La Chiesa cristiana pentecostale italiana è un'associazione di chiese cristiane evangeliche pentecostali.[1]

CCPI (Chiesa Cristiana Pentecostale Italiana)[modifica | modifica wikitesto]

L'associazione, nata il 19 settembre 1997, comprende 42 chiese ed ha sede a Napoli. Le principali comunità fondatrici sono quella di Gela e quella di Cicciano[2]

La CCPI è stata una delle promotrici della Federazione delle Chiese pentecostali, di cui fa attualmente parte.[1]

Storia generale[modifica | modifica wikitesto]
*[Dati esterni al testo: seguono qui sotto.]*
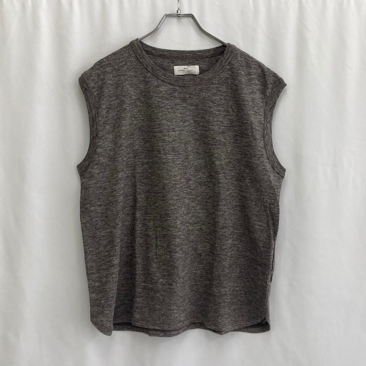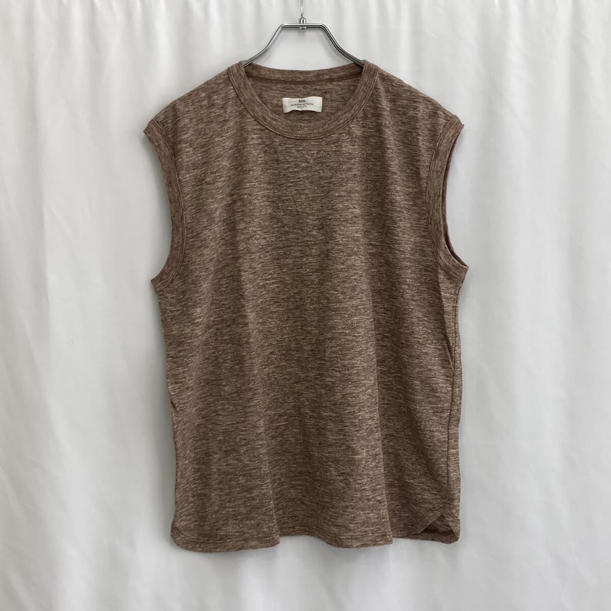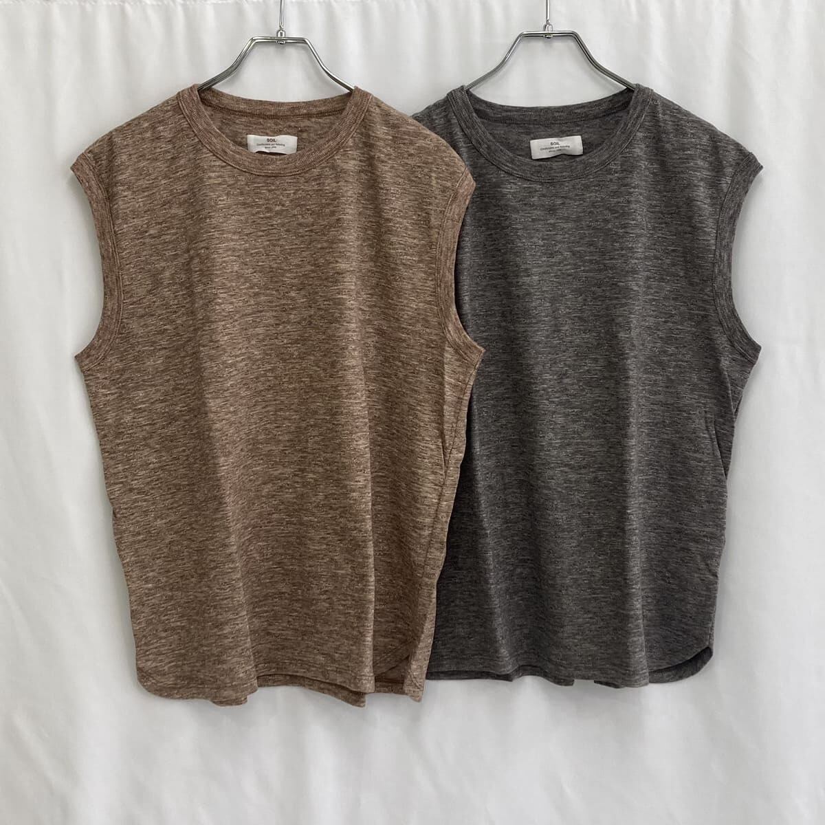 ムラ糸を使用して作られたスラブ生地は、ヴィンテージ感のある風合いが特徴です。また、薄手でサラッとした肌触りも魅力となっています。首周りと袖口には、伸びにくくヘタりにくいバインダーネック仕様。フレンチスリーブの袖や少しラウンドさせた裾が程よく抜け感があります。
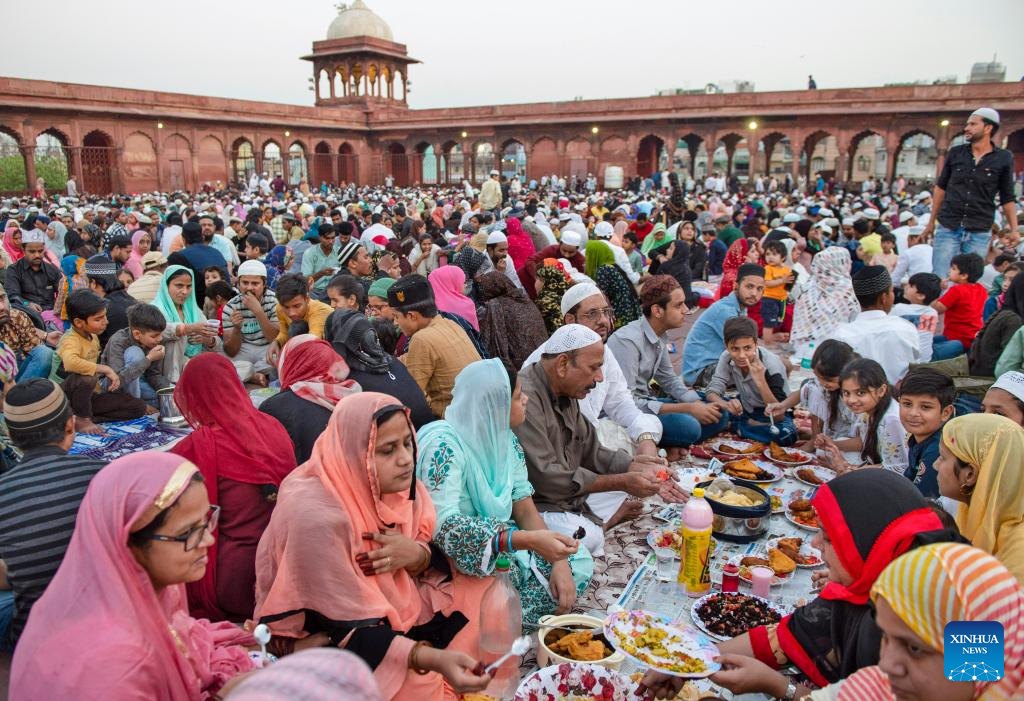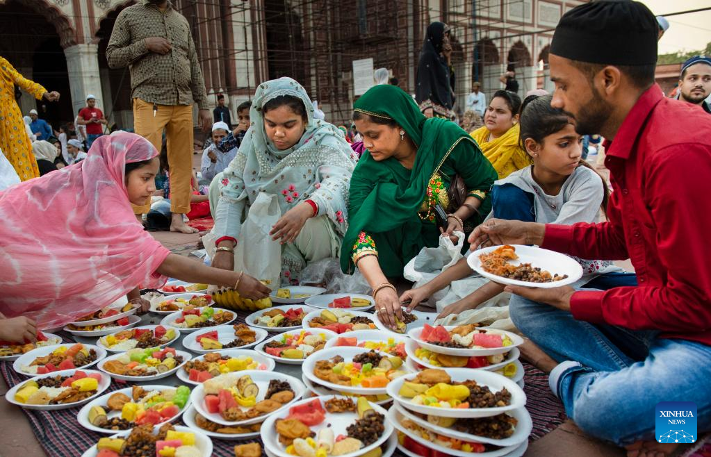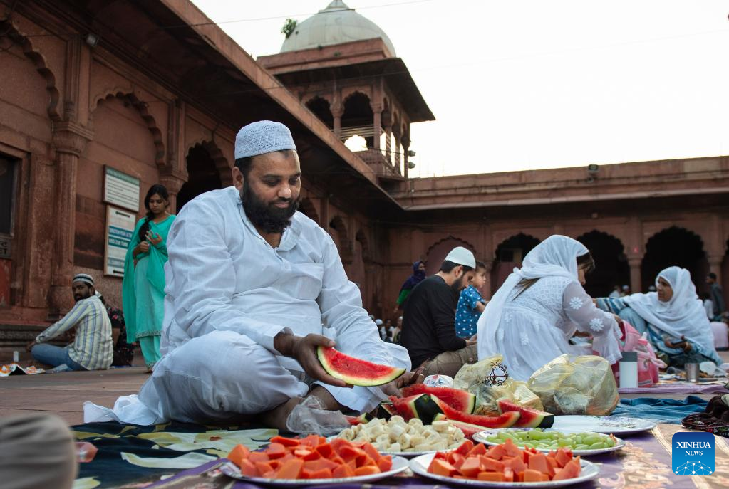 People wait to break fast during the holy month of Ramadan at historic Jama Masjid (grand mosque) in New Delhi, India, April 3, 2023. (Xinhua/Javed Dar)
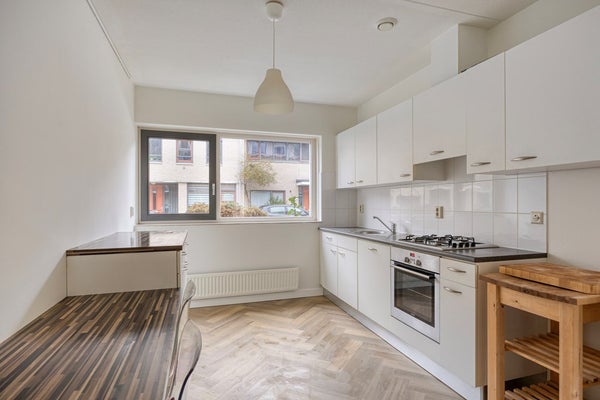 Er is voldoende plek voor het creëren van een fijn zit- en eetgedeelte. De openkeuken is voorzien van diverse benodigde inbouwapparatuur waaronder vaatwasmachine, oven en gaskookplaat. In de hoek is er plek voor een ruime koelkast met vriezer.
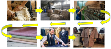 Животноводство занимается выращиванием овец. Шерсть взрослых овец состригают и отправляют на промышленное предприятие. Там шерсть проходит очистку, промывку, сортировку, затем из неё прядут вязальную нить. На ткацких станках создают шерстяное полотно. При помощи оттиска на него наносят различные рисунки. Портной из готовой шерстяной ткани кроит и шьёт одежу, которую везут в магазины для покупателей.
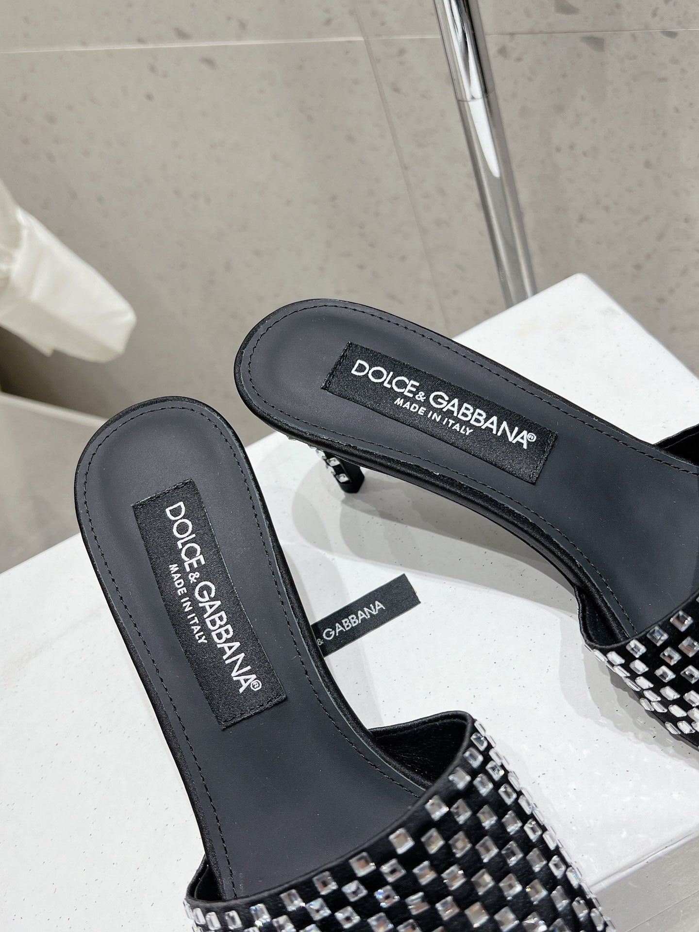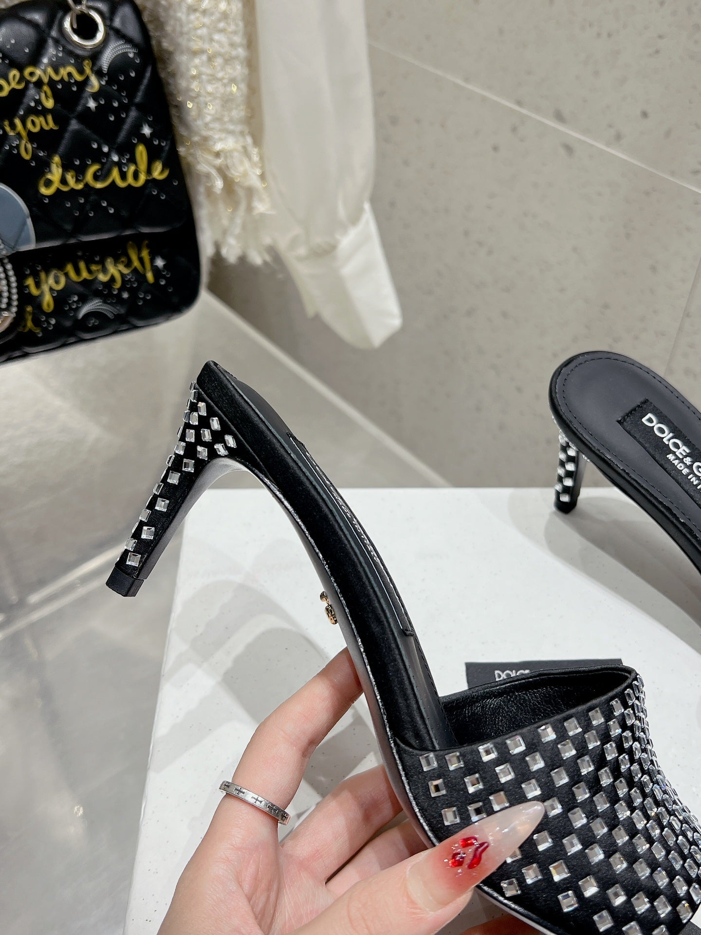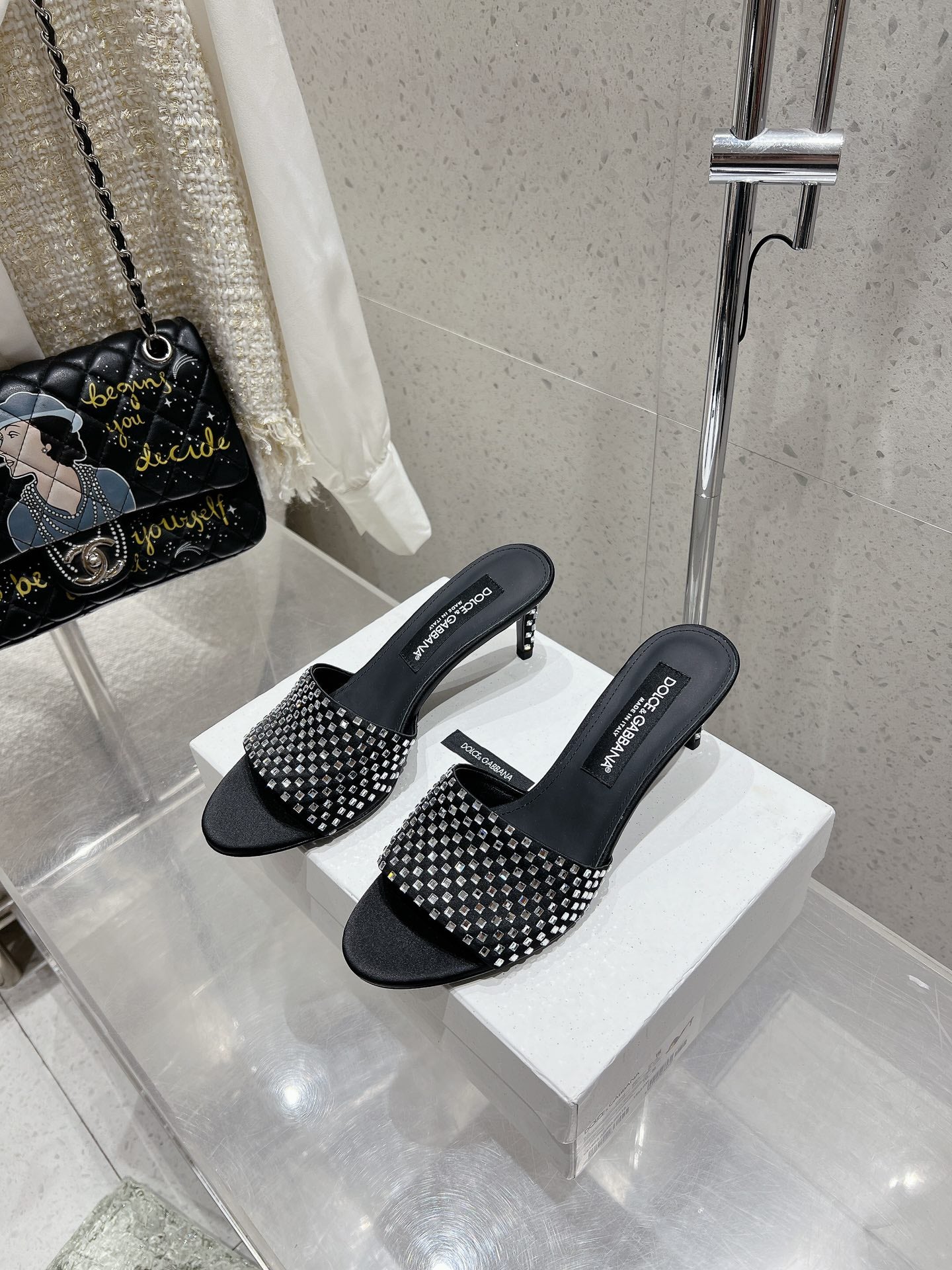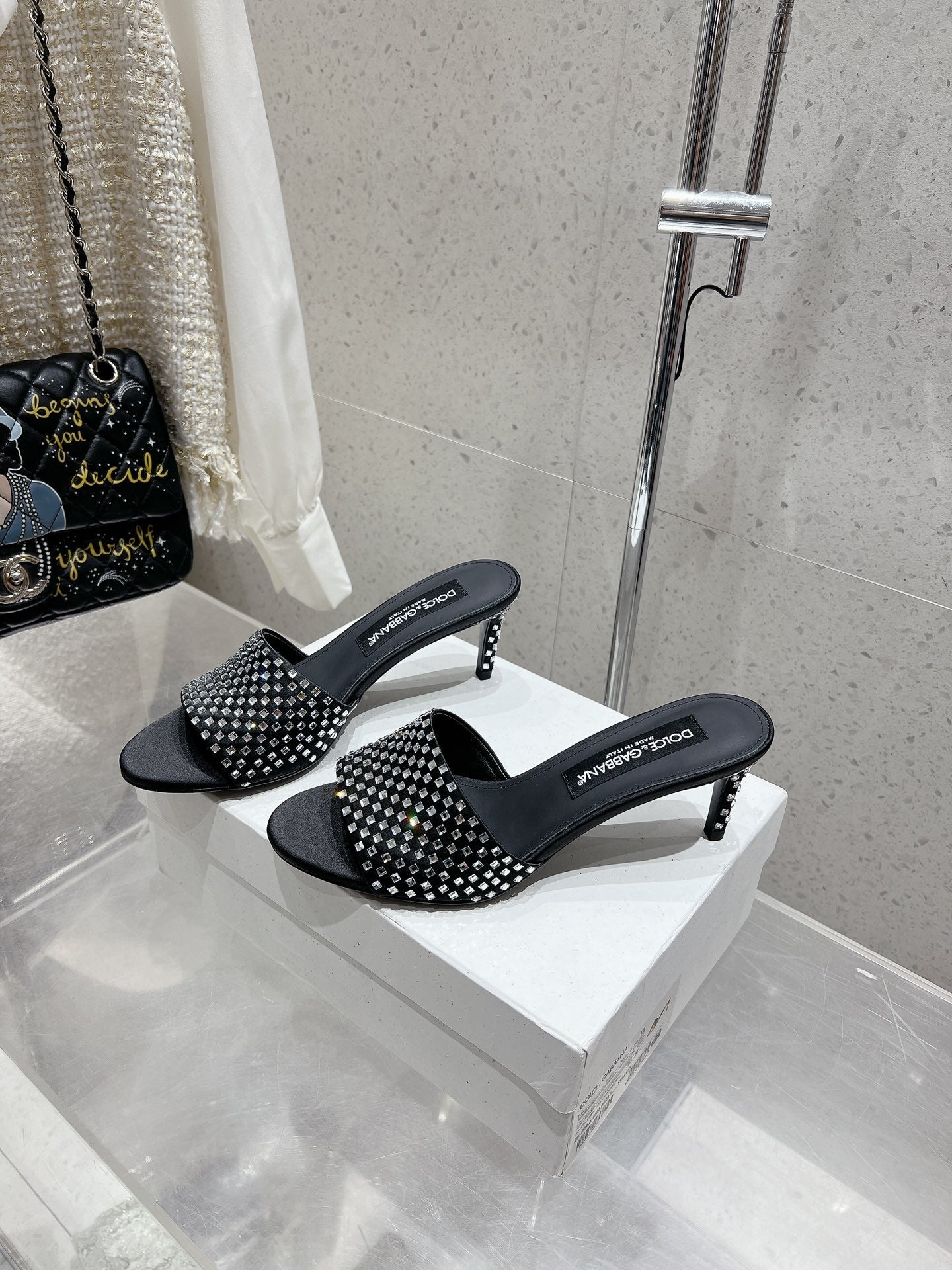 DC Rhinestone Mules 65mm Black Silk & Sheepskin 359514

Alla fine dell’Ottocento l’Italia fu interessata da una grossa ondata di emigrazione che coinvolse anche molti evangelici i quali si trasferirono spesso in gruppi all’estero, soprattutto negli Stati Uniti, e la figura di Durham risulta determinante anche per l’origine del movimento pentecostale italiano; infatti, la sua presenza e la sua opera a Chicago lo collegano direttamente con i ‘pionieri’ del pentecostalesimo italiano. Un primo viaggio da parte dei pionieri pentecostali verso l’Italia risale verso il 1908. Come e quando questo sia avvenuto non è molto chiaro, dal momento che tutti i riferimenti storici a nostra disposizione sono legati alla memoria orale e non sono supportati da documenti significativi, ad eccezione dei ricordi autobiografici dei protagonisti. Successivamente con l’incarico della Chiesa di Chicago fu mandato Giacomo Lombardi. Da quel momento in poi il pentecostalesimo si è sviluppato sempre di più, raggiungendo a volte con grande sofferenza e persecuzione varie parti d’Italia. Nel dopoguerra si avranno indicativamente almeno sei componenti: la più numerosa era raggruppata nelle ADI; seguivano le Congregazioni Cristiane Pentecostali raggruppate soprattutto nella Sicilia sud-orientale, le comunità ‘zaccardiane’, quelle della Valle del Sele (in Campania), le comunità indipendenti ed isolate di ispirazione congregazionalista e la Chiesa Apostolica. Oggi la conformazione pentecostale è ben diversa da quelle delle origini per diversi fattori, non solo per le influenze di oltre frontiera, ma in modo particolare per la presenza di gruppi etnici presenti nel nostro paese.

Situazione generale carismatica in Italia[modifica | modifica wikitesto]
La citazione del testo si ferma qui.